Task details:
Your task is to retype, word for word, the lines from the start of the data through the line holding "Esta construcción colectiva". Do not include the pictures.

Data for this exercise:
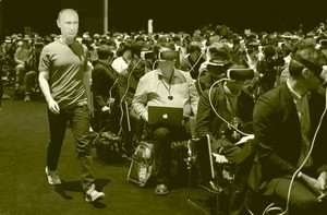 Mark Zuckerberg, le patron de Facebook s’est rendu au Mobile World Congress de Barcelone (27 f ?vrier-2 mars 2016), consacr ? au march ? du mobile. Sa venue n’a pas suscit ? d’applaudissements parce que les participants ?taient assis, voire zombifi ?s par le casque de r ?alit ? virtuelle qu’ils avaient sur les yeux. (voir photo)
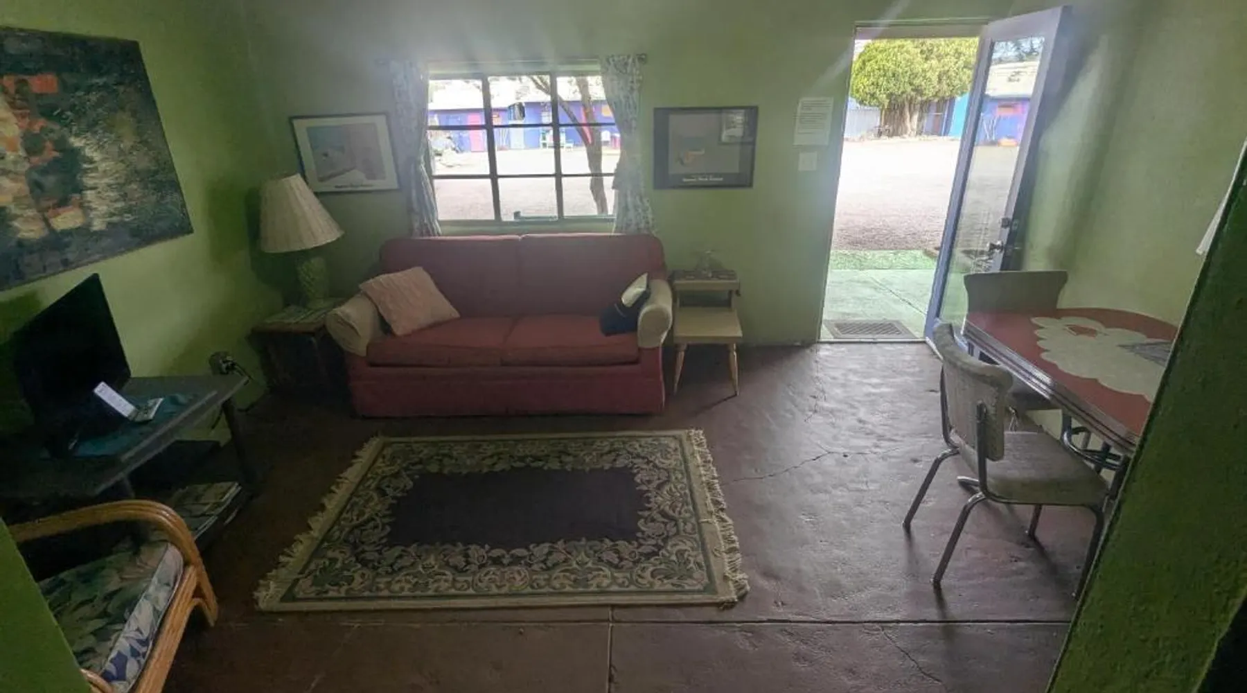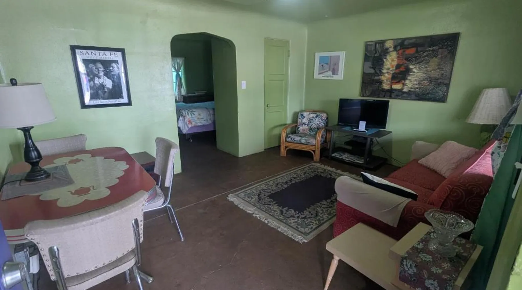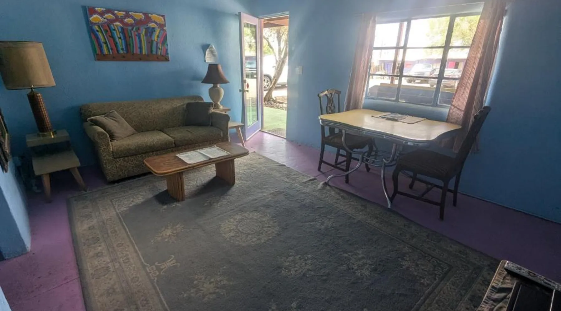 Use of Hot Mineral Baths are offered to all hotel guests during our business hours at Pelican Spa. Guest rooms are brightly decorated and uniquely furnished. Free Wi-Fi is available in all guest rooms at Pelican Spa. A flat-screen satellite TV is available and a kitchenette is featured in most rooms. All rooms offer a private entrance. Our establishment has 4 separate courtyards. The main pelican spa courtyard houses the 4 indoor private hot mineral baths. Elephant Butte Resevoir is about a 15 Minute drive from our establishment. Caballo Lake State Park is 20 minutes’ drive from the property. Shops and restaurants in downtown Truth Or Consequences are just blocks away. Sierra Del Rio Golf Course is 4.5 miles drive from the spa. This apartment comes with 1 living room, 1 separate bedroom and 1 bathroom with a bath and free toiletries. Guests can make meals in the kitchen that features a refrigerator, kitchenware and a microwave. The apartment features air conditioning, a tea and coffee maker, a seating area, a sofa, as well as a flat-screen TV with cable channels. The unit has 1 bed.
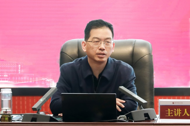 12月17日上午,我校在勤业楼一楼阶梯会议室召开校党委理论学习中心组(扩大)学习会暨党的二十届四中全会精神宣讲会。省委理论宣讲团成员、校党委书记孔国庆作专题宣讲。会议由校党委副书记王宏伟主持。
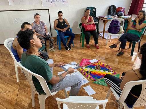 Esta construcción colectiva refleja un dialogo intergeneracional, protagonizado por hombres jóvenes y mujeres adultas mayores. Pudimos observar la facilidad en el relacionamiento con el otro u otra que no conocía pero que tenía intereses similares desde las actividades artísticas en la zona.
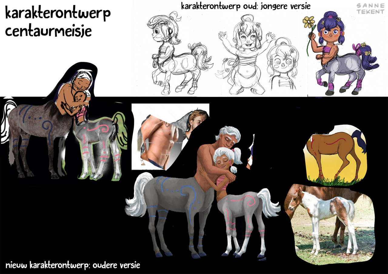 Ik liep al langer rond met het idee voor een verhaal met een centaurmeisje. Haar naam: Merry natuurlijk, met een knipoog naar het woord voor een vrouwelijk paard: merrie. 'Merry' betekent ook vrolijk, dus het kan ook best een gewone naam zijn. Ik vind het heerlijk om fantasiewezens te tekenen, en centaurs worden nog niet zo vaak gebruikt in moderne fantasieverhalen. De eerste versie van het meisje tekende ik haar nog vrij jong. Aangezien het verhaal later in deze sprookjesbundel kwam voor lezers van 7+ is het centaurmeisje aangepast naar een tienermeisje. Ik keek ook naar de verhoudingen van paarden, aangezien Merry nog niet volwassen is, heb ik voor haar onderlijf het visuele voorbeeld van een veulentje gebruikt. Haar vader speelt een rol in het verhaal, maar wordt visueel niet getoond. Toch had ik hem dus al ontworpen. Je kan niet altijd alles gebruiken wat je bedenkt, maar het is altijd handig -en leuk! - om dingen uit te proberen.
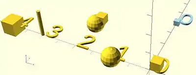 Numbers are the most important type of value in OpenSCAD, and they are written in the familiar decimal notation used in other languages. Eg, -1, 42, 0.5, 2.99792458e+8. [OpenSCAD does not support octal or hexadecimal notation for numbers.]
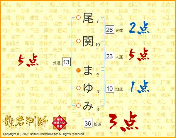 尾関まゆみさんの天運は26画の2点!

Reply:
 Mark Zuckerberg, le patron de Facebook s’est rendu au Mobile World Congress de Barcelone (27 f ?vrier-2 mars 2016), consacr ? au march ? du mobile. Sa venue n’a pas suscit ? d’applaudissements parce que les participants ?taient assis, voire zombifi ?s par le casque de r ?alit ? virtuelle qu’ils avaient sur les yeux. (voir photo)
 Use of Hot Mineral Baths are offered to all hotel guests during our business hours at Pelican Spa. Guest rooms are brightly decorated and uniquely furnished. Free Wi-Fi is available in all guest rooms at Pelican Spa. A flat-screen satellite TV is available and a kitchenette is featured in most rooms. All rooms offer a private entrance. Our establishment has 4 separate courtyards. The main pelican spa courtyard houses the 4 indoor private hot mineral baths. Elephant Butte Resevoir is about a 15 Minute drive from our establishment. Caballo Lake State Park is 20 minutes’ drive from the property. Shops and restaurants in downtown Truth Or Consequences are just blocks away. Sierra Del Rio Golf Course is 4.5 miles drive from the spa. This apartment comes with 1 living room, 1 separate bedroom and 1 bathroom with a bath and free toiletries. Guests can make meals in the kitchen that features a refrigerator, kitchenware and a microwave. The apartment features air conditioning, a tea and coffee maker, a seating area, a sofa, as well as a flat-screen TV with cable channels. The unit has 1 bed.
 12月17日上午,我校在勤业楼一楼阶梯会议室召开校党委理论学习中心组(扩大)学习会暨党的二十届四中全会精神宣讲会。省委理论宣讲团成员、校党委书记孔国庆作专题宣讲。会议由校党委副书记王宏伟主持。
 Esta construcción colectiva refleja un dialogo intergeneracional, protagonizado por hombres jóvenes y mujeres adultas mayores. Pudimos observar la facilidad en el relacionamiento con el otro u otra que no conocía pero que tenía intereses similares desde las actividades artísticas en la zona.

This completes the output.